Note: this reading group is about deep learning as applied to depth estimation from a single image - one of the super hot topics. If your interest is deep learning in general, you may find some of the readings a little bit off-topic. So let me know if you want some idea about which you should read for.

Proposed Schedule

The below schedule is only proposed, and subject to change.

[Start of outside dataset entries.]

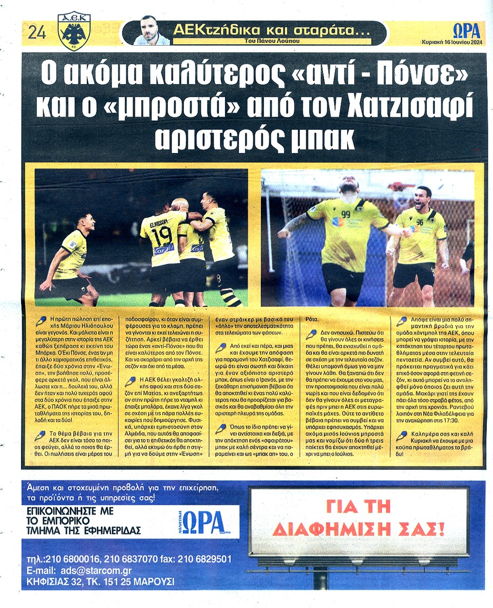 ΑΘΛΗΤΙΚΗ ΩΡΑ ΤΩΝ ΣΠΟΡ - 16 Ιουνίου 2024
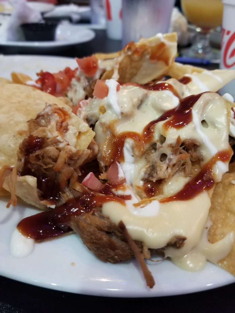 A variety of interesting food ended on our table, and it was all very good. Bacon wrapped scallops, Shrimp & grits, fish and kid sliders to name a few. However, nachos is one of our favorites, gluten-free or not! So, when we saw Pulled Pork Nachos on the menu, two plates of it ended up on our table. Smokey, crunchy, spicy, sweet, creamy… Let’s just say that the ones that didn’t order nachos for dinner may have regretted it. So, so good!!!
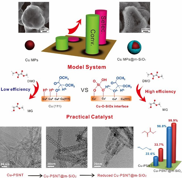 与厦门大学傅钢、袁友珠教授以及中国科学院物理研究所谷林研究员密切合作,历时五年,在多相催化的金属-载体界面效应研究方面取得重要进展。SiO2被广泛用作工业负载型金属催化剂的载体,多被视为惰性载体,在催化过程中仅起到分散金属的作用。郑南峰教授领衔的合作研究打破这个催化领域的“定式”。他们发现了“惰性”载体SiO2与Cu之间存在可以数量级提升酯基加氢催化性能的活性界面,揭示了相关界面效应的分子作用机制,并应用于指导实用铜催化剂的制备。相关成果 “Interfacing with silica boosts the catalysis of copper”发表于《自然 通讯》(Nature Communications, 2018, 9, 3367)。

14 Sept 8.30am: ~~Foley & Maitlin Chapter 6: Distance & Size Perception~~
- Location: EEBF 4302
21 Sept 8.30am: ~~Saxena, Min & Ng: Make3D~~
- Location: EEBF 4302
28 Sept 8.30am: ~~Michels, Saxena & Ng: High speed obstacle avoidance~~
- Location: EEBF 4302
05 Octr 8.30am: ~~Karsch, Liu & Kang: Depth Transfer~~
- Location: EEBF 4302
12 Octr 8.30am: ~~LeCun, Bengio & Hinton: Deep Learning Review~~
- Location: EEBF 4302
19 Octr 8.30am: ~~Rumelhart, Hinton & Williams: Backpropagation~~
- Location: EEBF 4302
26 Octr 8.30am: ~~LeCun, Bottou, Bengio & Haffner: CNNs~~
- Location: EEBF 4302
02 Novr 8:30am: ~~LeCun, Bottou, Bengio & Haffner: CNNs~~
- Location: EEBF 4302
09 Novr 8.30am: ~~Simonyan & Zisserman: VGG-16~~
- Location: EEBF 4302
16 Novr 8.30am: ~~Eigen, Puhrsch & Fergus: Depth map prediction~~
- Location: EEBF 4302
23 Novr 8.30am: ~~Luo et al.: Deep Learning + Stereo~~
- Location: EEBF 4302
30 Novr 8.30am: ~~Shelhamer, Long & Darrell: Fully Convolutional Segmentation~~
- Location: EEBF 4302
07 Decr 8.30am: ~~Giuisti et al.: Forest trails CNN~~
- Location: EEBF 4302
14 Decr 8.30am: ~~Batch Normalization~~
- Location: EEBF 4302
22 Decr 8:30am: ~~He, Zhang, Ren & Sun: ResNet~~
- Location: EEBF 4302

Week of 25 Decr: Break
Week of 01 Janr: Break
Week of 08 Janr: Break
Week of 15 Janr: Break
Week of 22 Janr: Break
Week of 29 Janr: Break
Week of 05 Febr: Cao, Wu & Shen: Fully convolutional depth 1
Week of 12 Febr: Laina et al.: Fully convolutional depth 2
Week of 19 Febr: Li, Klein & Yao: Fully convolutional depth 3
Week of 26 Febr: Güler et al.: DenseReg
Week of 05 Marc: Godard et al. Unsupervised/train from stereo
Week of 12 Marc: Zhou et al.: SfMLearner
Week of 19 Marc: Yan et al. Superpixel CNN/CRF
Week of 26 Marc: Break
Week of 02 Aprl: Liao, Huang, Wang, Kodagoda, Yu & Liu: Fuse with laser
Week of 09 Aprl: Dosovitskiy, Springenberg, Tatarchenko & Brox: Generating images
Week of 16 Aprl: Goodfellow et al.: Generative Adversarial Nets
Week of 23 Aprl: Oord et al.: Pixel-RNN and Pixel-CNN
Week of 30 Aprl: Isola et al.: Pix2Pix
Week of 07 May : Tatarchenko et al. Multi-view 3D models
Week of 14 May : Girshick, Donahue, Darrell & Malik: R-CNN
Week of 21 May : Redmon et al.: YOLO
???: Hoeim et al. Photo pop-up
???: Heitz et al. Cascaded Classification Models
???: Li et al. Feedback-enabled Cascaded Classification Models
???: Han et al. Bayesian object-level reconstruction
???: Liu et al. Depth from semantics
???: Wu et al. Repetitive scene structure
???: He et al. Haze removal
???: Hassner et al. Example-based Depth

Details

Foley & Maitlin Chapter 6 - Distance & Size Perception

Because our project is about using machine learning to extract depth from a single image (with deep learning, then applying it to robot problems) it pays to learn a bit about how humans do it...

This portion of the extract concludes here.